[SUPPLIED RECORDS]

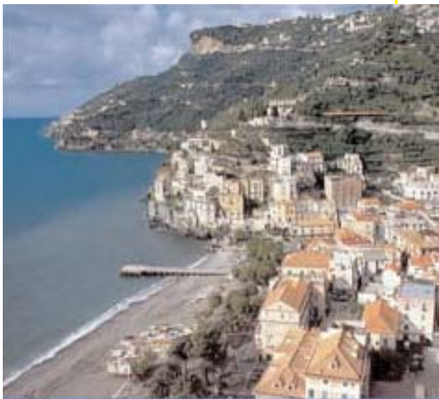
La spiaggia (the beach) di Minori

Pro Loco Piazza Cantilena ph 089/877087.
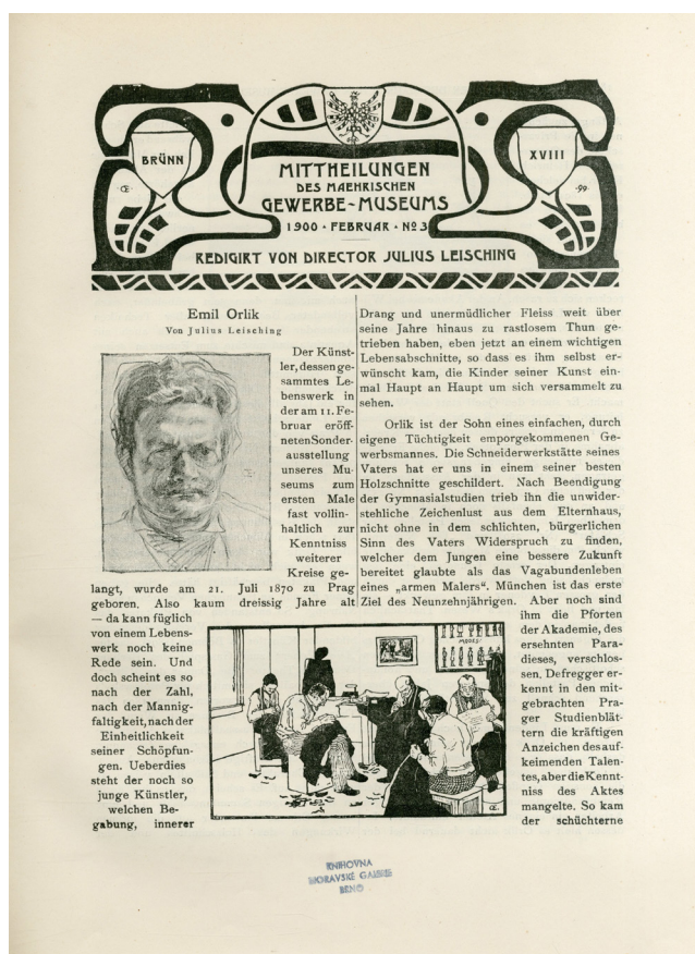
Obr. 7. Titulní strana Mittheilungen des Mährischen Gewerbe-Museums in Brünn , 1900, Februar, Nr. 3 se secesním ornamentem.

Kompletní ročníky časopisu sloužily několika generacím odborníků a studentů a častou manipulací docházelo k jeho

[/SUPPLIED RECORDS]
[SUPPLIED RECORDS]

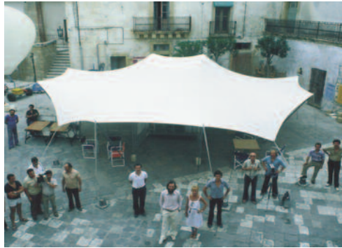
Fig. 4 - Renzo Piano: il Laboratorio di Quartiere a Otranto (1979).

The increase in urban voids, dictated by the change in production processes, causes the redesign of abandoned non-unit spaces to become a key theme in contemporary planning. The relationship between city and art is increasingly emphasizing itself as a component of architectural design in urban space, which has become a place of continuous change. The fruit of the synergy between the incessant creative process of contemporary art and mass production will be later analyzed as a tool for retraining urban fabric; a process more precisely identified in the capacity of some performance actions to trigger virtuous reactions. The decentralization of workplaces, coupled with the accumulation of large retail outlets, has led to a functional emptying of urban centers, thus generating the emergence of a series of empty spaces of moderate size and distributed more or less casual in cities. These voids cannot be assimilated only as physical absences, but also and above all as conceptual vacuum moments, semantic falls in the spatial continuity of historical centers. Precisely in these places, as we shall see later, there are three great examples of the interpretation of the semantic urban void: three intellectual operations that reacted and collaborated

[/SUPPLIED RECORDS]
[SUPPLIED RECORDS]

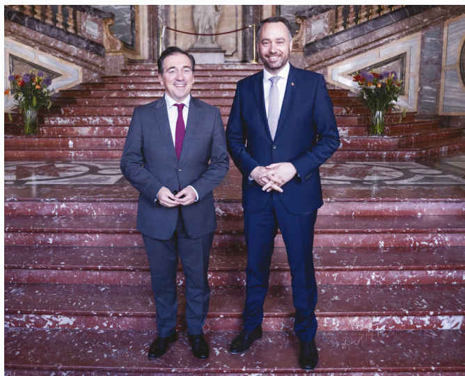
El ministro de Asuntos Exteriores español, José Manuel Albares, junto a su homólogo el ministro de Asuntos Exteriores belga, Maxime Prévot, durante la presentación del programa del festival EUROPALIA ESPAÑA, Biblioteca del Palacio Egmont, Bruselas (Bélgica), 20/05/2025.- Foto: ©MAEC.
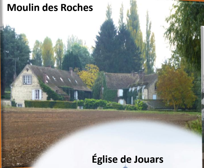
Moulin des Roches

[/SUPPLIED RECORDS]

▶ EXERCISE DESCRIPTION:
Everything above from the line containing "La spiaggia (the beach) di Minori" down to the line containing "Kompletní ročníky časopisu" is to be duplicated exactly, both lines included, and the pictures are to be omitted.

▶ ANSWER BELOW:
La spiaggia (the beach) di Minori

Pro Loco Piazza Cantilena ph 089/877087.
Obr. 7. Titulní strana Mittheilungen des Mährischen Gewerbe-Museums in Brünn , 1900, Februar, Nr. 3 se secesním ornamentem.

Kompletní ročníky časopisu sloužily několika generacím odborníků a studentů a častou manipulací docházelo k jeho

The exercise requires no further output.